Obama made the announcement in a speech in Germany. He said the additional troops — including some special forces as well as medical and logistical specialists — were necessary in order to "keep up this momentum" against ISIS. News of the deployment was first reported by The Wall Street Journal.

The additional personnel will bolster the contingent of around 50 commandos authorized for operations in Syria.

The Pentagon on Monday said that while military personnel will be in harm's way they will not be engaged in direct combat. The Pentagon also pushed back against the idea that the action is mission creep and said they are building on what's working.

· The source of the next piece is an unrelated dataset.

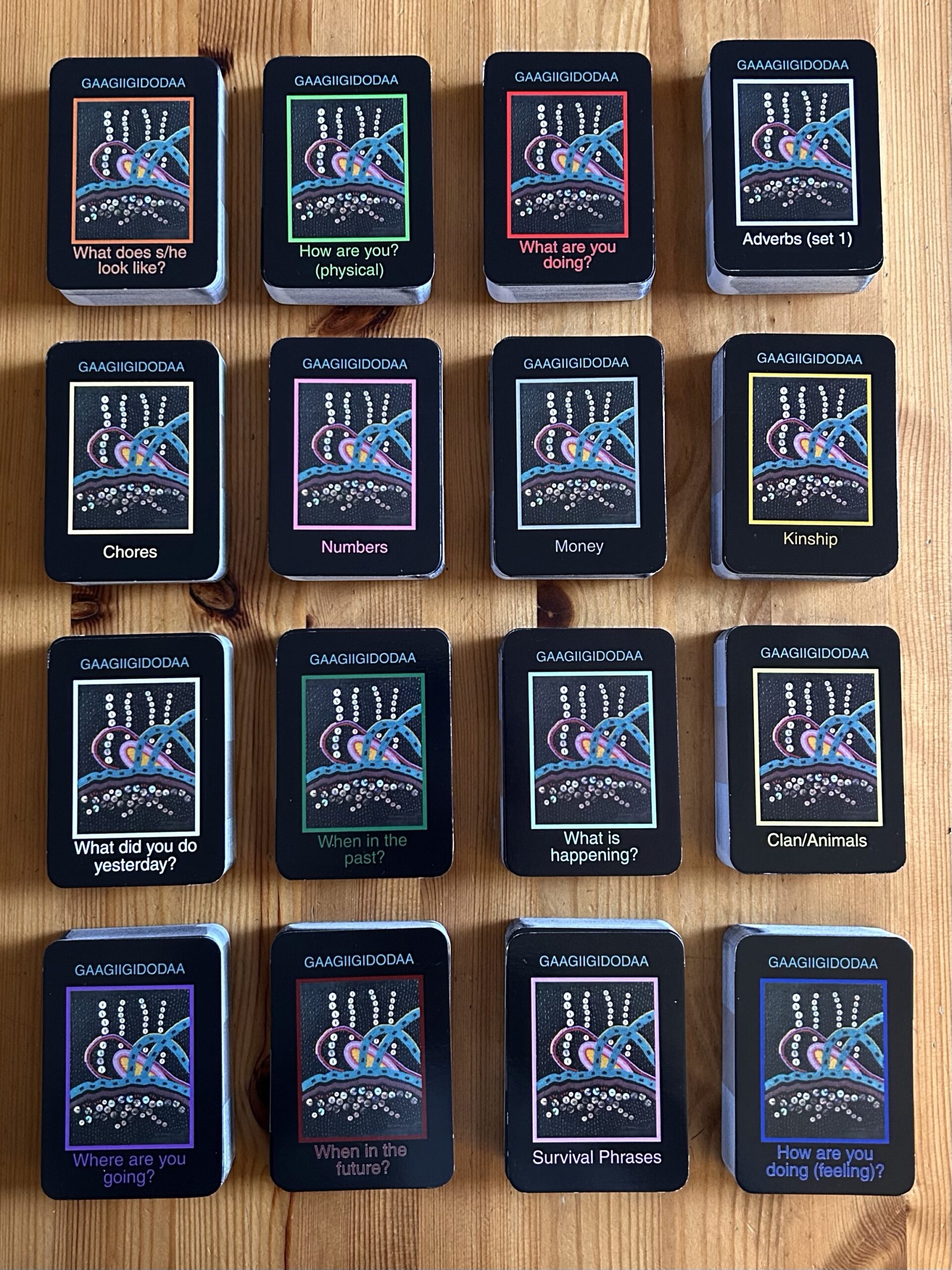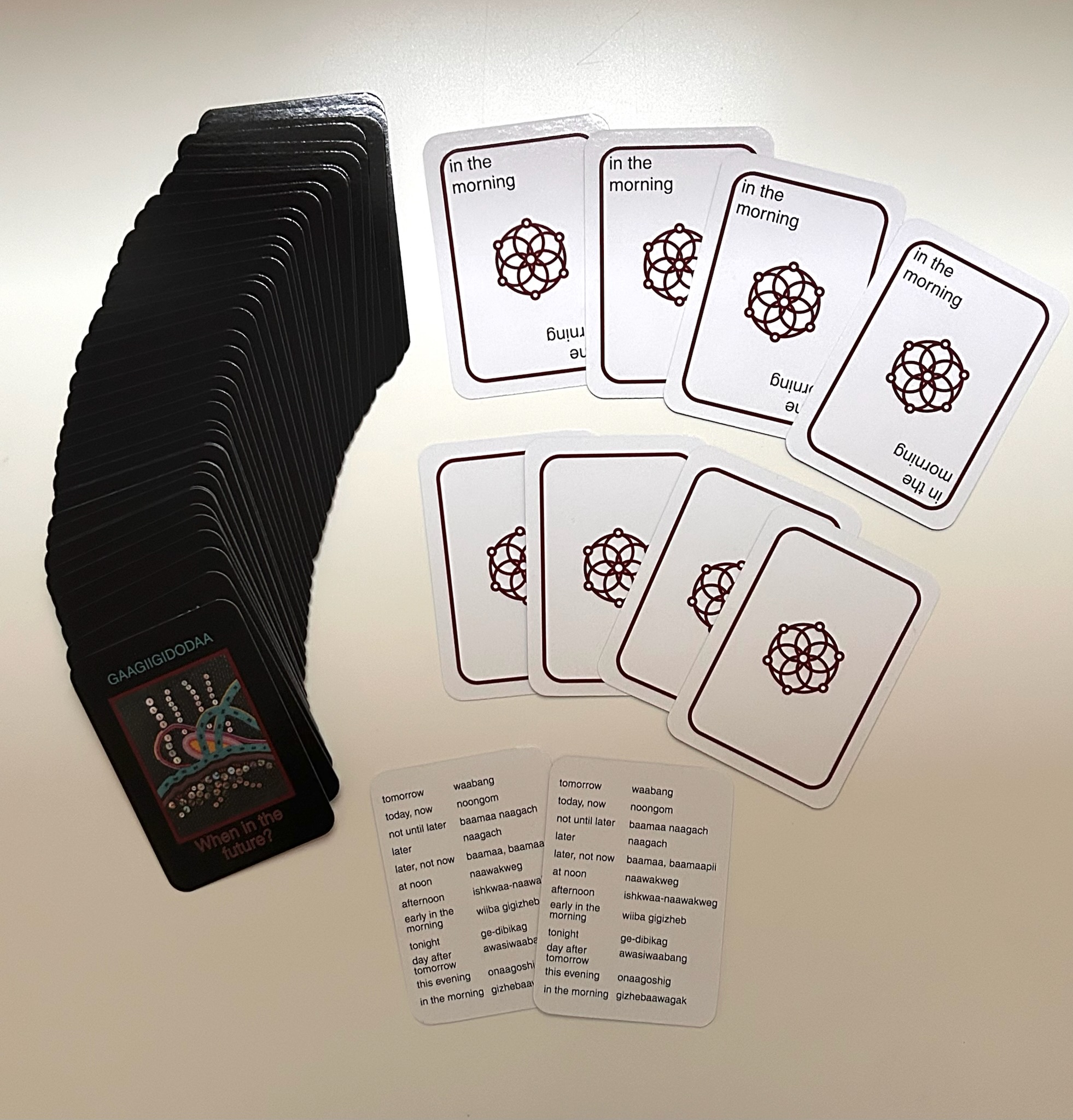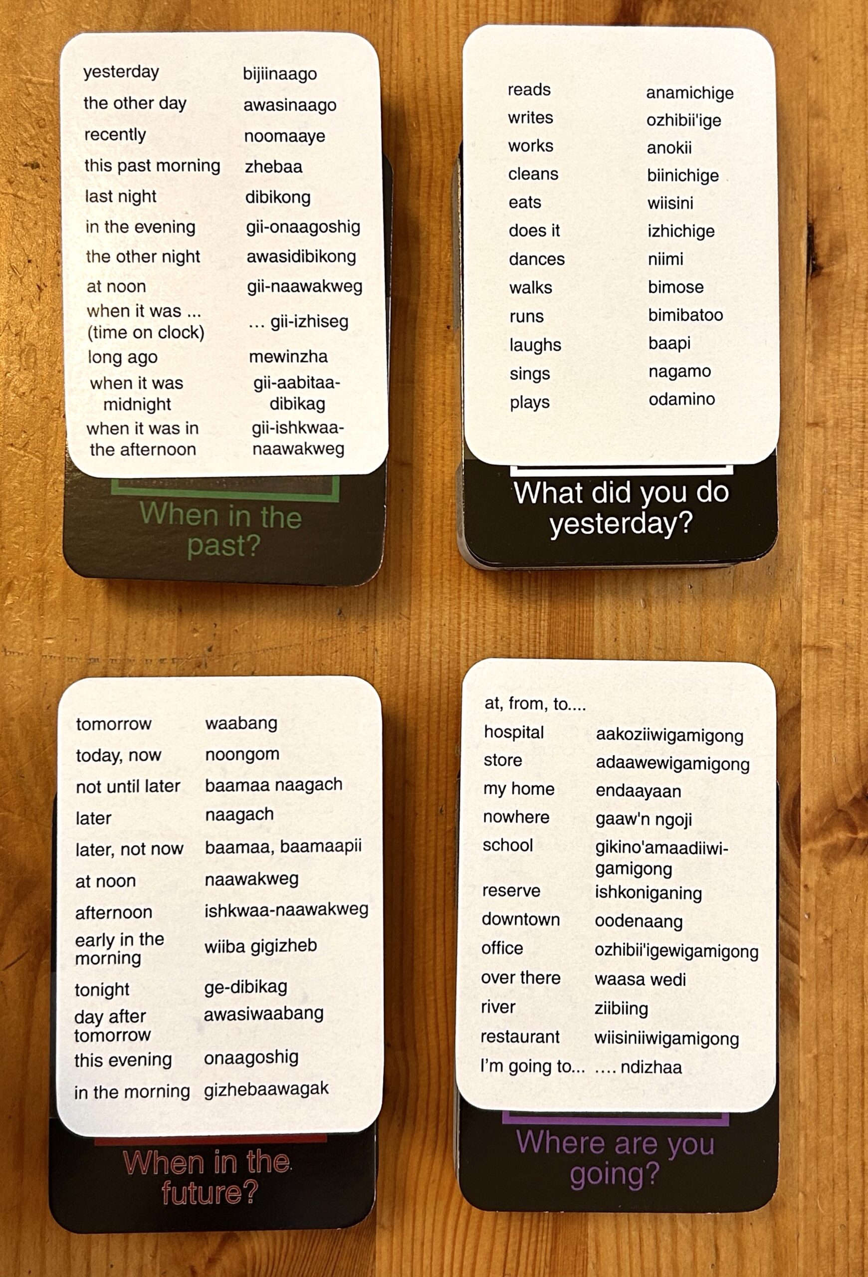 Go Fish cards is a language resource for learning phrases. Each deck is based on a different theme with 12 phrases or words in each deck. Each deck includes 52 cards- 4 of each phrase in English plus 4 blank cards and 2 cards listing the 12 phrases in Anishinaabemowin and English. Can be modified for any language by creating your own translation card. See photos for full list of words and phrases in each deck.

"Obviously any special forces troops that we deploy into Iraq or Syria are going to be combat-equipped troops. They may be in circumstances where they find themselves in harm’s way because these are dangerous places. The question is, what is the mission that they’re being given? And the mission that they’re being given is not to go into Syria and to engage the enemy, to engage ISIL," Ben Rhodes, deputy National Security Adviser for Strategic Communications told reporters during a press briefing on Monday. "So they’re not being sent there on a combat mission; they’re being sent there on a mission to, again, be advising, assisting and supporting the forces that are fighting against ISIL on the ground."

In October, the administration announced that it would send a small number of U.S. special operations forces into Syria, a move that signaled a subtle shift in strategy.

Monday's expected announcement comes after Obama's top military advisers persuaded the president that additional personnel would help the Pentagon extend recent gains against ISIS, according to The Wall Street Journal.

It also mirrors a similar move in Iraq for the fight against ISIS.

Last week Defense Secretary Ash Carter said the U.S. will send 217 more troops — including special operations forces — to Iraq.

"The Iraqis are still in the lead. That doesn't change," Carter told Nightly News anchor Lester Holt. "Americans are at risk today every single day here. As secretary of defense, I take that more seriously than anything else.